The leader of the SPLM-N, Abdel-Aziz al-Hilu ordered a three-month ceasefire “…to give a chance for an immediate transfer of power to civilians…”, this came days after the TMC announced a ceasefire in all three of the country’s conflict zones. Though there is evidence that this did not stop the RSF from committing atrocities against civilians. The SPLM-N has several thousand fighters, tanks and other heavy weapons, and controls large swathes of territory especially in the Nuba mountains area, making them the largest and most powerful rebel force. The ceasefire is delicate, based on the belief that eventually the TMC will hand over control to civilian authorities. If the SPLM-N and others start to believe that this won’t happen, or at least not to their timetable; it is likely that hostilities will resume, and for far greater stakes. The insurgency will no longer simply be about autonomy, but about who should govern the country and under what system, such a war is likely to be long and hard fought, reminiscent of the situations in Syria and Libya. They will also have greater popular support, as the ruling military council will be seen as an illegitimate government, this could translate into more recruits and a greater level of financing, not just for SPLM-N but other rebel groups as well.

The recent arrest of senior rebel leader of the SPLM-N, Yasir Arman, who returned to Khartoum to take part in talks with the military will push the ceasefire ever closer to breaking point. Professors belonging to the Association of Higher Education Professors have emphasised the need to dismantle jihadist units among students, remove weapons from mosques and stores at educational institutions before students are allowed to return to their universities.

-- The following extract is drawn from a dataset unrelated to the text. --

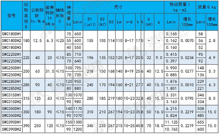 SWC-DH萬向聯(lián)軸器是一種常用的聯(lián)軸器。利用其結(jié)構(gòu)的特點能使不在同一軸線或軸線折角較大或軸向移動較大的兩軸等角速連續(xù)回轉(zhuǎn),并可靠地傳遞轉(zhuǎn)矩和運動。能廣泛應(yīng)用于冶金、起重、工程運輸、礦山、石油、船舶、煤炭、橡膠、造紙機械及其它重機行業(yè)的機械軸系中傳遞轉(zhuǎn)矩。

Studies were suspended at the end of December to prevent students organising protests against the government, but the suspension was cancelled by the TMC in early June.

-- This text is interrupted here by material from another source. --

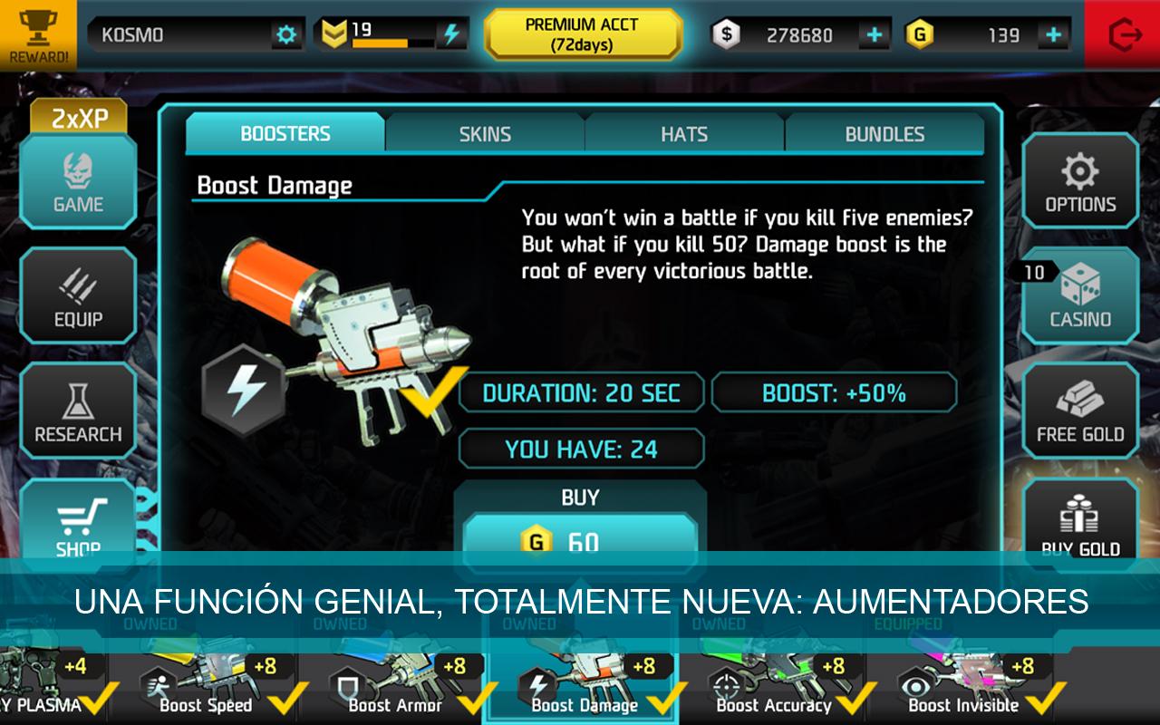 ☣Disfruta de una función genial: AUMENTADORES (velocidad, armadura, daño, precisión, invisibilidad)

Due to the prolonged nature of the Sudanese conflicts there are a huge number of small arms in Sudan which can be easily obtained/utilised, decreasing the development time for any escalation of hostilities and increasing the likelihood of descent into civil conflict.

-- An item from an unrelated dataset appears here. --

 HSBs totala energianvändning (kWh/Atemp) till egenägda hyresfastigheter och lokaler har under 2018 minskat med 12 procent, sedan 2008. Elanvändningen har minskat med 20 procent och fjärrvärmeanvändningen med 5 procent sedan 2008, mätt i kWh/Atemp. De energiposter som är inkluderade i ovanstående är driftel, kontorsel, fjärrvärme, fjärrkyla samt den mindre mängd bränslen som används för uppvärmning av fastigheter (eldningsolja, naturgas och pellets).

Given the current political and security climate we recommend against any and all travel to the region. Although protests started out peaceful they are quickly turning violent with the military opening fire on protestors, the death toll has reached well over 100. There is a very real possibility, as openly suggested by the former Prime Minister that the military will seek to further entrench power if provoked by further protests, this will undoubtedly result in further violence and potentially spiral into civil war. There is also the possibility that the deputy leader of the TMC, who is the commander of the RSF, might attempt a coup against the head of the TMC and defence minister. The chances for de-escalation and eventual peace and stability are slim in the short term.




Sudan has a long history of hosting training camps for terror groups dating back to the early 1990s when Osama Bin Laden came to the country and built the infrastructure for a training camp, as well as setting up a business and finance network. Since then Sudan has provided military training camps to Hezbollah, Hamas, other Palestinian armed groups as well as several Islamic groups across the Middle East, North Africa and East Africa regions. Though it does experience terror attacks, they are infrequent in comparison to other more terror-prone countries nearby, this may all change with the growing instability in the country. Sudan is the third-largest African country, it provides ample space for terror groups to hide, part of the reason it has suffered so long with insurgencies. As Islamic State declines in Iraq and Syria it’s surviving fighters, financiers and ideologues will be looking for somewhere to reorganise and rehabilitate. A fractured Sudan is the perfect incubator for a resurgent Islamic State. Regardless of who assumes control of Sudan they will inherit economic conditions which are ideal for recruitment into, and exploitation by Islamist extremists and insurgencies. The first step in tackling this issue will be to improve the economic conditions felt by the poorest, and to drive toward an inclusive political process.